#### TASK REQUIREMENTS:
Could you print every record below exactly as written?

#### DATA PROVIDED:
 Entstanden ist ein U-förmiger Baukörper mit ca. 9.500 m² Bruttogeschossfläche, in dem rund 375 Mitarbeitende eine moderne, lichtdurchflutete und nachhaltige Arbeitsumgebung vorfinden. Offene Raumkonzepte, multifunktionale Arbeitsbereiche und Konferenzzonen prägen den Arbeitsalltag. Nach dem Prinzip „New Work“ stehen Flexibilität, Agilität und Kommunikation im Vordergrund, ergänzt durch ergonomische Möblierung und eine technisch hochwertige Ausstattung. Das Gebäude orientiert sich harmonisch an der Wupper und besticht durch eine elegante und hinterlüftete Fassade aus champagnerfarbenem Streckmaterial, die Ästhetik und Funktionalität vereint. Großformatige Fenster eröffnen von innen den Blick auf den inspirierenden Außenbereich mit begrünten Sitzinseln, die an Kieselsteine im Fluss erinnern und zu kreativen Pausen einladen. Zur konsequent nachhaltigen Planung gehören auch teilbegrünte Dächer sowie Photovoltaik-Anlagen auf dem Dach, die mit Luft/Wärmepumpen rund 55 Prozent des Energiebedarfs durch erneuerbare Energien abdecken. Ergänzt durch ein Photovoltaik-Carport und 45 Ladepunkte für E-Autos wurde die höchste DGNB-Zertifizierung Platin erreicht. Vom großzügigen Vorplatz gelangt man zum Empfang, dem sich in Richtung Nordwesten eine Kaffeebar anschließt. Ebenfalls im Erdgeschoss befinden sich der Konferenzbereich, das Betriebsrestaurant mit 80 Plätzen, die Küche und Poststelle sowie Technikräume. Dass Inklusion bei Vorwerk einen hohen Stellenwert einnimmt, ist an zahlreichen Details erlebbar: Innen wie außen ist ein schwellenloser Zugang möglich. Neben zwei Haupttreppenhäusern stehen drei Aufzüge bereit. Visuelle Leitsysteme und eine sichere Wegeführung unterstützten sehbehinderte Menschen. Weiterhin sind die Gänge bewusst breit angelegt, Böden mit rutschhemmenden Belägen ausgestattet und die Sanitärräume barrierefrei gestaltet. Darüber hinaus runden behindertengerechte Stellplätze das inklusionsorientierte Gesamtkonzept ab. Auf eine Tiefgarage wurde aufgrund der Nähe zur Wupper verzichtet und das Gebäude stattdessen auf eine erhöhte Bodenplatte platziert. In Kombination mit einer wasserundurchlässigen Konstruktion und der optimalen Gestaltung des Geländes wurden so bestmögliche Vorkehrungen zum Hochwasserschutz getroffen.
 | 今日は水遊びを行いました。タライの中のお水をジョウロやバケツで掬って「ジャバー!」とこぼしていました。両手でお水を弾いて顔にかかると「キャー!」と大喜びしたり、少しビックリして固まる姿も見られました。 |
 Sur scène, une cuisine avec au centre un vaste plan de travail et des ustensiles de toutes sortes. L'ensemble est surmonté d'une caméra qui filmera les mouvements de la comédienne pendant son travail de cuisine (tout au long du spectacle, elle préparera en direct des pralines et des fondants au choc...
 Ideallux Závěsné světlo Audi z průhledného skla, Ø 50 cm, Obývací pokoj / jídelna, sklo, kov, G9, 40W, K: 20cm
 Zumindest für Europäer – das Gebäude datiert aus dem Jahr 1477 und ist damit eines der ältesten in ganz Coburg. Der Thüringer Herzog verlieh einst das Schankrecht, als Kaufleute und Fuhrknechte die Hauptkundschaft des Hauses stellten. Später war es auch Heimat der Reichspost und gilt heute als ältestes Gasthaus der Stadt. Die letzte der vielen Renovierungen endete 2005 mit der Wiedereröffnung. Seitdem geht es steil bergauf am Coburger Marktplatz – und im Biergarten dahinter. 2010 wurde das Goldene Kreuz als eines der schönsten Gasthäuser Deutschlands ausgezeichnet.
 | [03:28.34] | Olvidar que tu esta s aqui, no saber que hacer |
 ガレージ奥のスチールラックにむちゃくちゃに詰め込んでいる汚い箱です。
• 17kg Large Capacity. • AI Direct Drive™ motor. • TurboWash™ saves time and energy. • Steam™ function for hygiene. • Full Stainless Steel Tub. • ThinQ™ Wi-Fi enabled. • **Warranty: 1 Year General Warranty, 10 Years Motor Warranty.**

#### TASK OUTPUT:
 Entstanden ist ein U-förmiger Baukörper mit ca. 9.500 m² Bruttogeschossfläche, in dem rund 375 Mitarbeitende eine moderne, lichtdurchflutete und nachhaltige Arbeitsumgebung vorfinden. Offene Raumkonzepte, multifunktionale Arbeitsbereiche und Konferenzzonen prägen den Arbeitsalltag. Nach dem Prinzip „New Work“ stehen Flexibilität, Agilität und Kommunikation im Vordergrund, ergänzt durch ergonomische Möblierung und eine technisch hochwertige Ausstattung. Das Gebäude orientiert sich harmonisch an der Wupper und besticht durch eine elegante und hinterlüftete Fassade aus champagnerfarbenem Streckmaterial, die Ästhetik und Funktionalität vereint. Großformatige Fenster eröffnen von innen den Blick auf den inspirierenden Außenbereich mit begrünten Sitzinseln, die an Kieselsteine im Fluss erinnern und zu kreativen Pausen einladen. Zur konsequent nachhaltigen Planung gehören auch teilbegrünte Dächer sowie Photovoltaik-Anlagen auf dem Dach, die mit Luft/Wärmepumpen rund 55 Prozent des Energiebedarfs durch erneuerbare Energien abdecken. Ergänzt durch ein Photovoltaik-Carport und 45 Ladepunkte für E-Autos wurde die höchste DGNB-Zertifizierung Platin erreicht. Vom großzügigen Vorplatz gelangt man zum Empfang, dem sich in Richtung Nordwesten eine Kaffeebar anschließt. Ebenfalls im Erdgeschoss befinden sich der Konferenzbereich, das Betriebsrestaurant mit 80 Plätzen, die Küche und Poststelle sowie Technikräume. Dass Inklusion bei Vorwerk einen hohen Stellenwert einnimmt, ist an zahlreichen Details erlebbar: Innen wie außen ist ein schwellenloser Zugang möglich. Neben zwei Haupttreppenhäusern stehen drei Aufzüge bereit. Visuelle Leitsysteme und eine sichere Wegeführung unterstützten sehbehinderte Menschen. Weiterhin sind die Gänge bewusst breit angelegt, Böden mit rutschhemmenden Belägen ausgestattet und die Sanitärräume barrierefrei gestaltet. Darüber hinaus runden behindertengerechte Stellplätze das inklusionsorientierte Gesamtkonzept ab. Auf eine Tiefgarage wurde aufgrund der Nähe zur Wupper verzichtet und das Gebäude stattdessen auf eine erhöhte Bodenplatte platziert. In Kombination mit einer wasserundurchlässigen Konstruktion und der optimalen Gestaltung des Geländes wurden so bestmögliche Vorkehrungen zum Hochwasserschutz getroffen.
 | 今日は水遊びを行いました。タライの中のお水をジョウロやバケツで掬って「ジャバー!」とこぼしていました。両手でお水を弾いて顔にかかると「キャー!」と大喜びしたり、少しビックリして固まる姿も見られました。 |
 Sur scène, une cuisine avec au centre un vaste plan de travail et des ustensiles de toutes sortes. L'ensemble est surmonté d'une caméra qui filmera les mouvements de la comédienne pendant son travail de cuisine (tout au long du spectacle, elle préparera en direct des pralines et des fondants au choc...
 Ideallux Závěsné světlo Audi z průhledného skla, Ø 50 cm, Obývací pokoj / jídelna, sklo, kov, G9, 40W, K: 20cm
 Zumindest für Europäer – das Gebäude datiert aus dem Jahr 1477 und ist damit eines der ältesten in ganz Coburg. Der Thüringer Herzog verlieh einst das Schankrecht, als Kaufleute und Fuhrknechte die Hauptkundschaft des Hauses stellten. Später war es auch Heimat der Reichspost und gilt heute als ältestes Gasthaus der Stadt. Die letzte der vielen Renovierungen endete 2005 mit der Wiedereröffnung. Seitdem geht es steil bergauf am Coburger Marktplatz – und im Biergarten dahinter. 2010 wurde das Goldene Kreuz als eines der schönsten Gasthäuser Deutschlands ausgezeichnet.
 | [03:28.34] | Olvidar que tu esta s aqui, no saber que hacer |
 ガレージ奥のスチールラックにむちゃくちゃに詰め込んでいる汚い箱です。
• 17kg Large Capacity. • AI Direct Drive™ motor. • TurboWash™ saves time and energy. • Steam™ function for hygiene. • Full Stainless Steel Tub. • ThinQ™ Wi-Fi enabled. • **Warranty: 1 Year General Warranty, 10 Years Motor Warranty.**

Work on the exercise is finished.